Merditto, is he blind? He removed his thumb. “My word is the word of a young, untried, admittedly frightened Duke who would sooner have his father alive again and in this role than be in it himself. And they know that. They prey and play upon it.” Alejandro sighed again, deeply, and rested his forehead against the rim of the chairback, letting tacks bite into flesh. Muffled by stuffed velurro, he said, “I am Duke, you are Lord Limner. We need one another, although few understand that.” He lifted his face again. “Therefore I ask you to aid me in this, that we may, between us, protect your family.”

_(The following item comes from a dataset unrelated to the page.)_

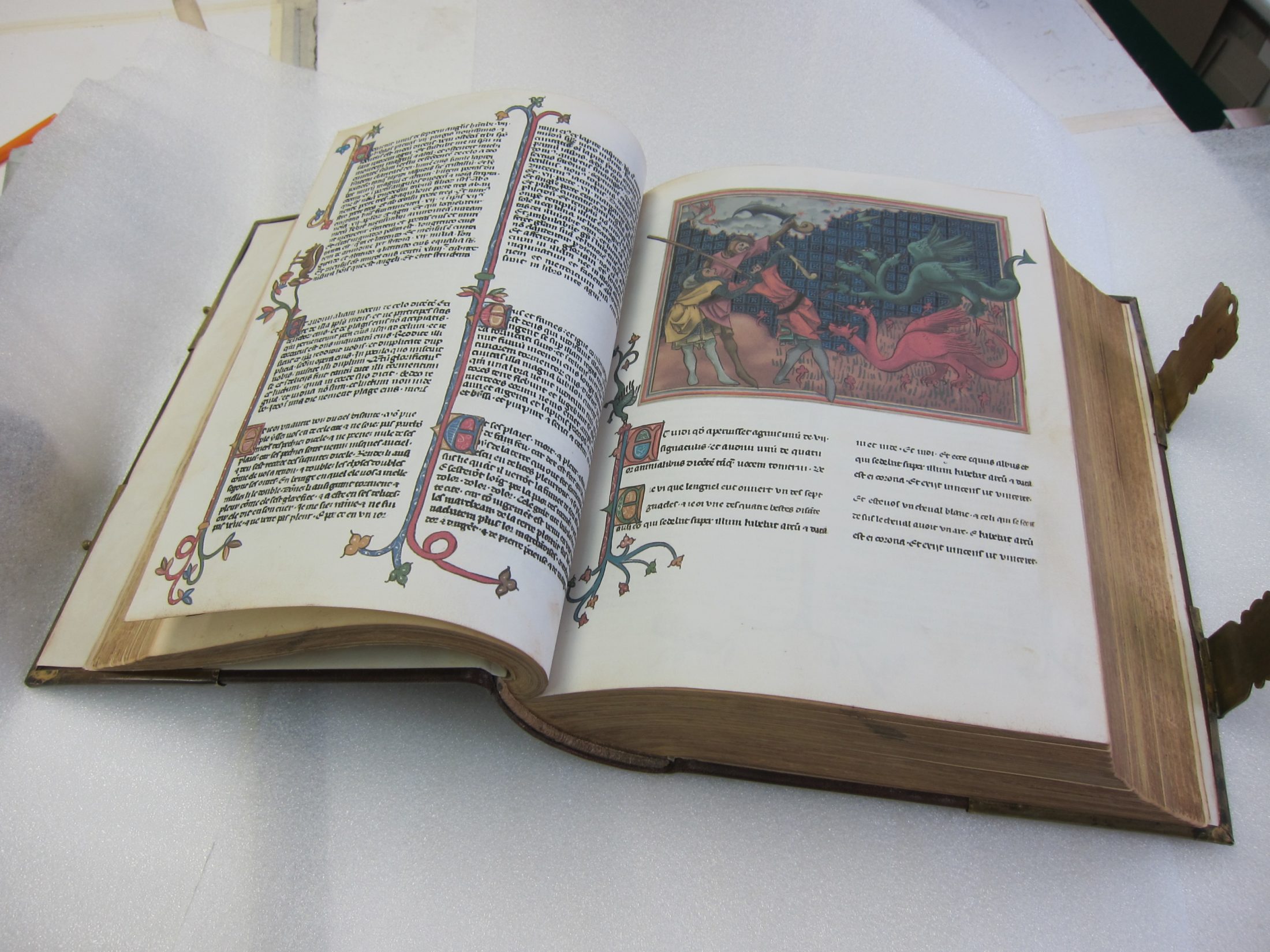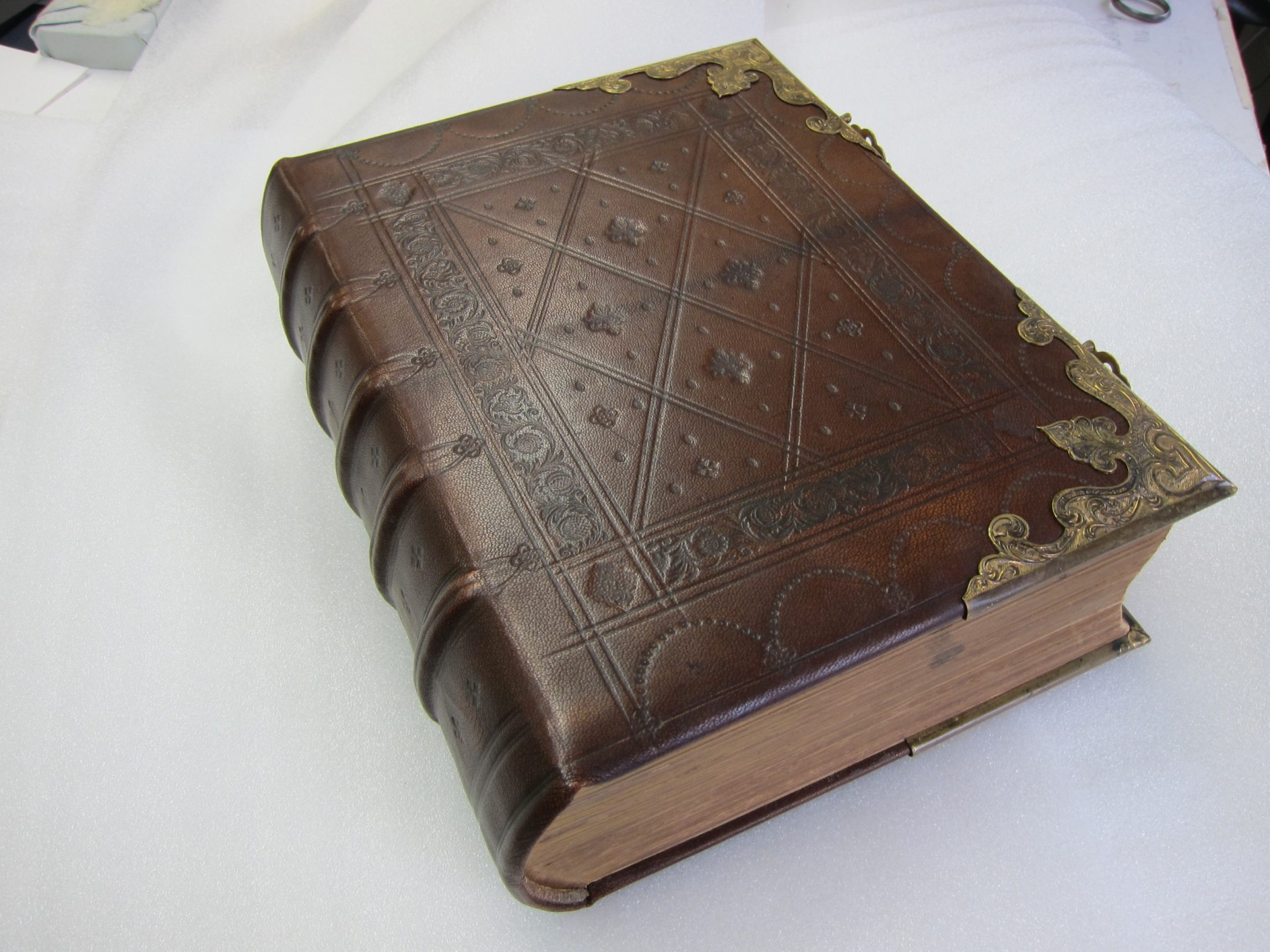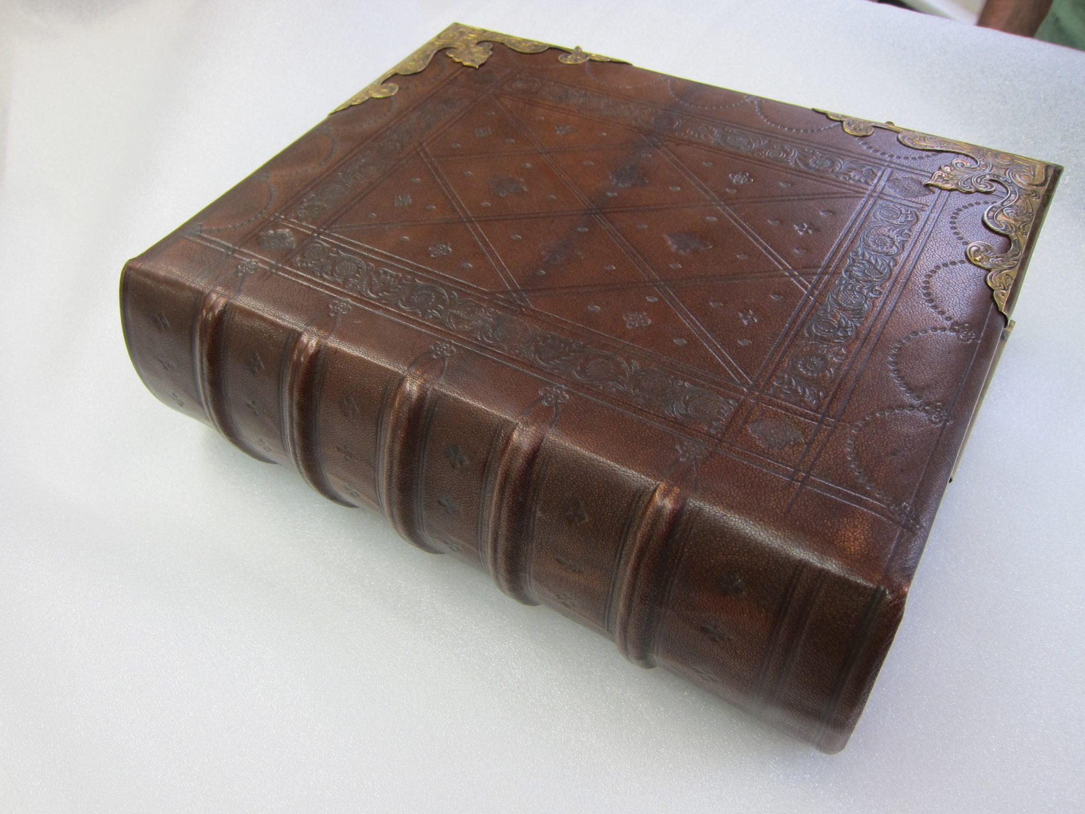 A dyed sheepskin bound book with decorative metal corners and foredge clasp created as a film prop. Hand tooled covers and spine replicating the original style. A selection of printed pages are included inside the book, and the edges are aged with pigment.
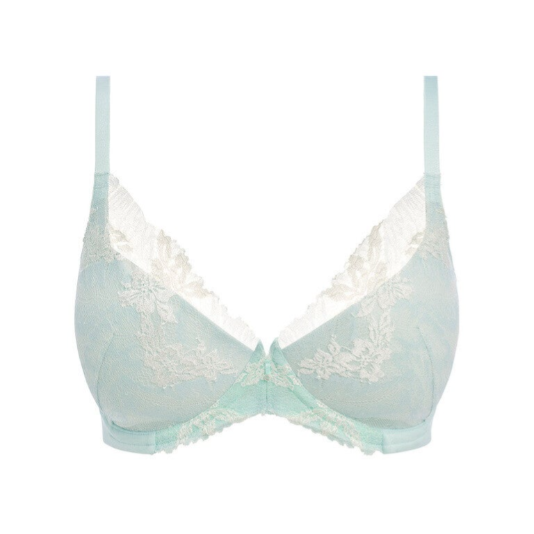 Romantiek hangt in de lucht en wie vindt de combinatie van romantiek en comfort nou niet fijn?! Comfort wordt gegarandeerd door het gebruik van verborgen elastieken op belangrijke plekken en cup sling-naden voor ondersteuning aan de zijkanten. De delicate stretchkant en zachte microvezel combinatie van Wacoal Most Divine is perfect om uw dagelijkse leven te verbeteren. De Eau-De-Nil-kleur heeft een tweekleurig blauw/groen kant met marshmallow accenten.

Grijalva turned back to the window. He blocked much of the light; Alejandro could see little but silhouette. “There is perhaps a way, Alejandro.”
He barely marked the familiarity. “En verro?”
Grijalva nodded. “If each mistress were to come from my family …”
“Each? You mean—forever?”
The words came more quickly now, with crisp declaration. “Let it be agreed that Palasso Grijalva and only Palasso Grijalva will supply the Duke with his mistress. A confirmed mis
tress—the one to whom he offers Marria do’Fantome.” Grijalva turned sharply, gesturing further illustration. “That need not bind a man to only one woman, Your Grace—you and your Heir and his Heir and all the Heirs to come after may entertain whatever women you choose to—but only one woman, one Grijalva woman, would ever hold the rank.” He spread slim, eloquent hands. “One wife, sanctified by the Ecclesia; and one mistress, ‘sanctified’ and confirmed by Marria do’Fantome.”
“That gains me Saavedra,” Alejandro said. “What does it gain you?”
“Not me,” Grijalva said. “Do’nado—beyond the knowledge that my family’s future is secured.”
“And that is enough for you?”
Grijalva laughed softly. “I am Lord Limner. It is all I ever desired in this life … but my responsibility is to my family—” His pause was very slight. “—and of course to my Duke, for Grijalva Lord Limners, as much as the tragic Verro himself, have always served do’Verradas.”
Alejandro considered it. He played out as many ramifications as he could conjure in his mind, knowing very well how others would react.
He smiled, taking fire. “Twist their tails,” he murmured, seeing it, and the smile kindled to grin, to laughter, “eiha, how it would twist their tails!”
“And would go far to establishing your own rule,” Grijalva added. “You are not your father, may the Matra bless his name—” Briefly he kissed fingers, pressed them to breast. “—and it is time they accepted it.”
Alejandro thrust himself up from the chair. “Done!” He nodded vigorously, grinned; the world was whole again, bursting with promise. “Paint it, Lord Limner. Document this edict. Confirm this position. And when I am returned from Caza Varra, I will have it known to all the conselhos, all the Courtfolk—even to Serranos!— I mean to offer Saavedra Grijalva the Marria do’Fantome.”
Sario Grijalva’s expression was strange. “That,” he said, “is more than Gitanna Serrano ever had.”
“Or the Premia Sancta?” Alejandro laughed, then said: “Pluvio en laggo.” He shrugged. “We make a new lake, you and I, with fresh rain besides.” Alejandro shoved the chair back toward the table. “I must go. Tend to this, Grijalva, and you shall have my permanent protection in all things. For as long as you live.”